Too Many Investment Options May Increase Litigation Risk
Is giving plan participants a wide range of investment options a good thing? One would think so, but recent class action lawsuits targeting seven universities, including New York University, Duke, Yale and MIT, are showing that providing these large number of investment options is good up until a certain point. Although in its early stages, the litigation is already offering a cautionary note for plan sponsors who are offering a large amount of investment options. Though 401(k) plan sponsors are more familiar with these types of claims than others, this indicates the first time nonprofit organizations have been directly focused upon.

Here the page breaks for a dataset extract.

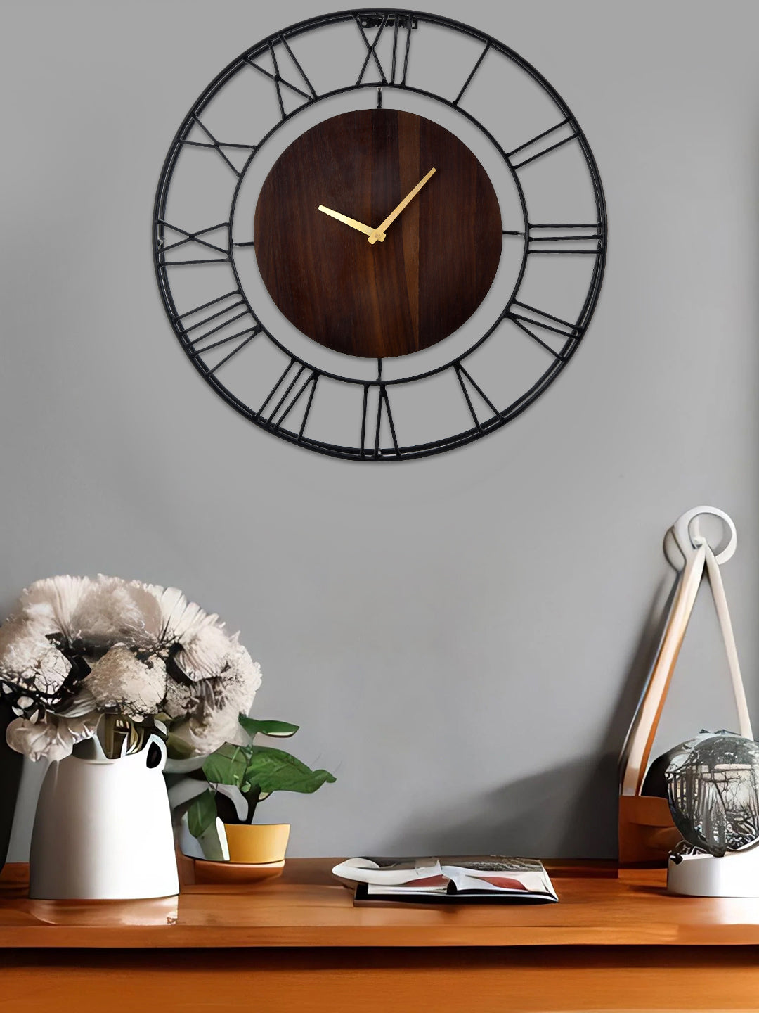 Material: Metal • Embrace the allure of black with our Metal Wall Clock, a captivating addition to your décor that effortlessly blends style and functionality. • A striking combination of sophistication and glamour. The sleek gold hollowed-out frame adds a touch of luxury to any space. The minimalist design and large, easy-to-read Numerals make timekeeping effortless, while the precise quartz movement ensures accuracy. • The black color create a visually stunning effect, evoking a sense of timeless elegance. Disclaimer- • As this product is handcrafted there might be a slight variation in design which is natural outcome and hence makes the product unique. • Battery not Included Care: Wipe off the dirt with a soft cotton cloth

The lawsuits imply there are at least two problems when offering too many fund choices:
- Overwhelming participants, and
- Incurring excessive costs.
Another potential problem: fiduciaries may lack the ability to oversee the performance of several funds.
The “Defendant provided a dizzying array of duplicative funds,” according to the complaint in Sacerdote v. New York University. The complaint states that NYU offered over 70 investment options to participants.

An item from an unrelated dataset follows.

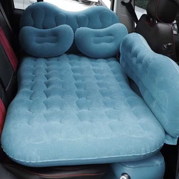 Nyt av en god natt søvn også i bilen! Med denne portable oppblåsbare bilmadrassen ligger du behagelig i baksetet på din bil, minivan eller lastebil når du er ute på tur. Reisemadrassen er laget av solid PNVC med myk overflate. Den bølgete oversiden gir god støtte for rygg, nakke, bein og kropp og gjør madrassen holdbar og robust. Med madrassens unike form utnyttes hele rommet i baksetet for at du skal få en så bred liggeflate som mulig. Med den medfølgende elektriske pumpen som enkelt kan kobles til bilens sigarettuttak blåser du raskt og smidig opp madrassen på bare noen minutter. Bilmadrassen er kompatibel med de fleste bilar og minivans.

To put it in perspective, that over 70 investment options seems excessive, a survey determined that 15 was the average number of funds being offered among defined contribution plans, with the exclusion of target date funds. The plaintiffs contend that this lower number of options “provides choice of investment style while maintaining a larger pool of assets in each investment style and avoiding confusion.”
When participants are provided with excessive numbers of choices, as the studies conducted indicate, participants have less confidence and will ultimately make no decisions regarding their options. Thus, by offering a large number of options, according to the plaintiffs, plan participants are not being served by the plan fiduciaries to the best of their ability and in the best interests of the participants, which is required under ERISA.
Be aware, however, that the complaint did not offer any statistical evidence that participants had made inappropriate investment choices. The organizational culture at many universities provides great deference to employees’ confidence in their aptitude to make complex decisions.
Whether that confidence is appropriate under ERISA is to be determined. Each plan sponsor will need to present evidence that it reviewed the demographics of its own employee population when factoring whether the number of options for plan investments is overwhelming.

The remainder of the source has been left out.